OSV, as a new operating system designed from the ground up for virtual machines, is immune to the lock-holder preemption problem because it does not use spin-locks at all. In many cases, OSV uses lock-free algorithms to avoid locking completely. In other cases, where locking is required, it provides a lock-free mutex, a mutual-exclusion primitive which is implemented, unlike traditional mutex implementations, without a spin-lock.


Lock-free mutexes have been proposed in 2005 and previously implemented in the threading library LFthreads, but OSV is the first operating system to use this idea to completely eliminate spin-locks.

Interrupt handling in threads

OSV does not handle interrupts in a special interrupt context, but rather in ordinary threads. This simplifies the kernel code, and avoids unwanted spin-locks. Performance is not degraded because of efficient context switches.

Traditionally, operating systems have an interrupt context, a special context for processing device interrupts, which is distinct from regular thread context. Code running in interrupt context is more difficult to write. Moreover, since one cannot sleep in interrupt context, spin-locks are traditionally used there to protect data from concurrent access. But as explained above, we wish to avoid spin-locks completely.

Our solution is to handle device interrupts in interrupt-handling threads.
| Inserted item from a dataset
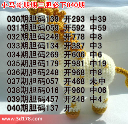 3d第040期小马哥三胆预测如下:

These are just normal, ordinary, threads. In the interrupt context, all we do is wake up the interrupt-handling thread, and when this thread runs it will do the bulk of the interrupt processing work. If the interrupt-handling thread needs locking, it uses a mutex, not a spin-lock.


For interrupt-handling in threads to be efficient, it’s important that context-switches between threads be as light-weight as possible. OSV indeed focuses on light-weight context switches, and its single address space and single protection domain help achieve that.

Van Jacobson style network stack

Continuing the theme of avoiding locks and lock contention, OSv is adopts Van Jacobson’s net channels idea, which removes a lot of the overhead in SMP networking stack and increases efficiency. Net channels are not yet in mainline; they will be merged soon.

State of the art file system

OSv uses the ZFS file system for local storage; a self-healing file system is perfect for the cloud.